The Growth of Big Business in the Gilded Age Ch. 6, Sec 2
The Industrialists • Called “Robber Barons”. • Rose to wealth to by exploiting labor and bending laws. • Called “Captains of Industry”. • Rose to wealth by increasing supply of goods, expanding markets, and creating jobs. • Created libraries, universities, were philanthropists. • Both views are partially right.
John D. Rockefeller and Standard Oil • John D. Rockefeller founded Standard Oil Co. in 1870. • Made a fortune in grain, meat in Civil War. • Became so large, was able to make deals with RR’s and sell oil at lower prices. • Led to horizontal consoldiation– bringing together many firms of same business. • Created a Trust – many companies turn over assets to a board of directors and share in profits. • 40 companies joined Standard Oil Trust.
Andrew Carnegie and Carnegie Steel • Andrew Carnegie started in railroads and later began Carnegie Steel. • First to use Bessemer Process. • Used vertical consolidation. • Controlled businesses that made up all phases of a product’s development. • Mines, steel mills, shipping, railroads. • Charged less than competition because of economy of scale. • As production increases cost per item decreases.
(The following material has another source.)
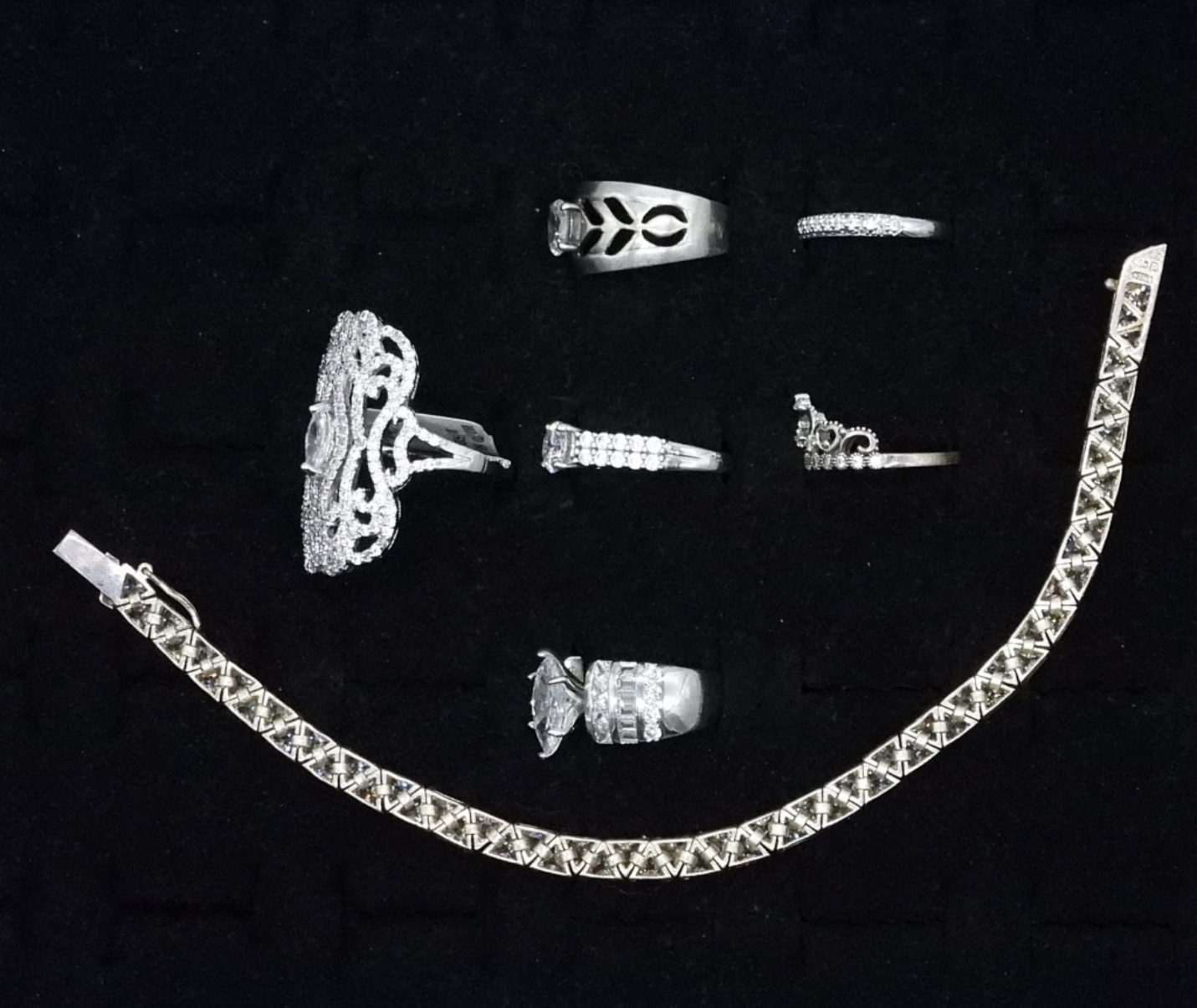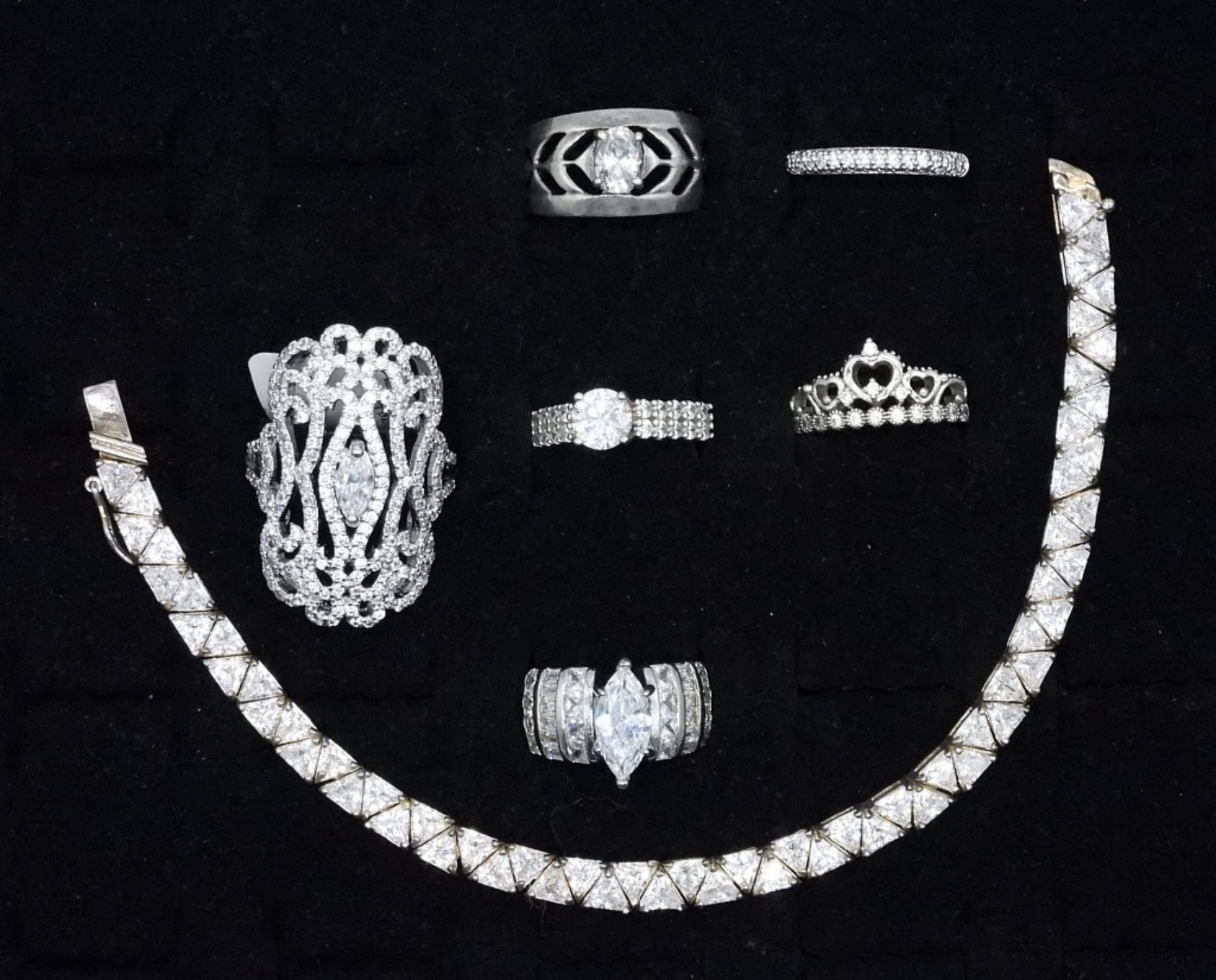 SIX STERLING RINGS WITH CLEAR GEMSTONES, SIZES 6, 7, 10. GORGEOUS STERLING 7″ BRACELET. (29 DWT)
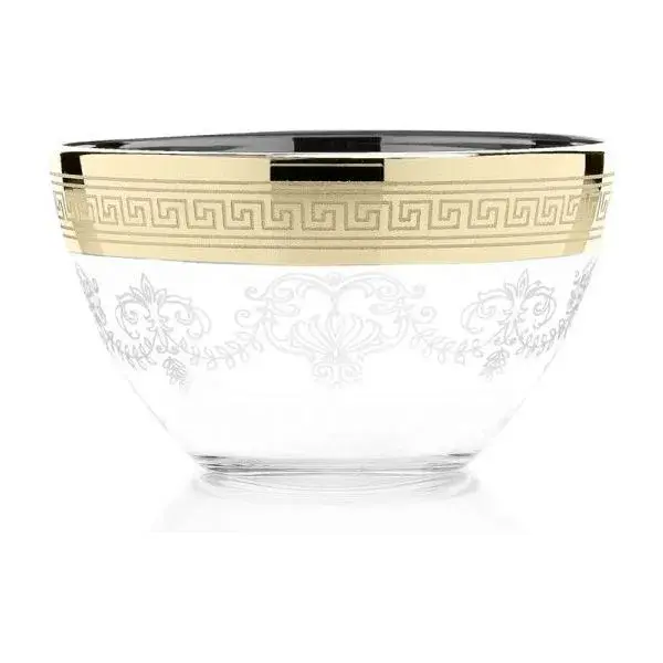Набор из трёх стеклянных салатников с золотым орнаментом станет украшением праздничного стола и повседневных обедов. Идеально подходит для сервировки салатов, закусок, десертов и фруктов.

Business Practices • Rockefeller, Carnegie, others used certain practices. • Horizontal & vertical consolidation, trusts, economy of scale. • Were Oligopolies – a few large business produce products profitably. • Ex – carmakers today. • Some became Monopolies – had complete control of a product or service. • Some formed Cartels – loose group of businesses that agree to limit supply and keep prices high.
Government Response • Gov’t was mostly pro-business, but worried about monopolies and trusts. • Passed Sherman Anti-Trust Act in 1890. • Outlawed any combination of companies that restrained interstate trade or commerce. • Ineffective until T. Roosevelt became president.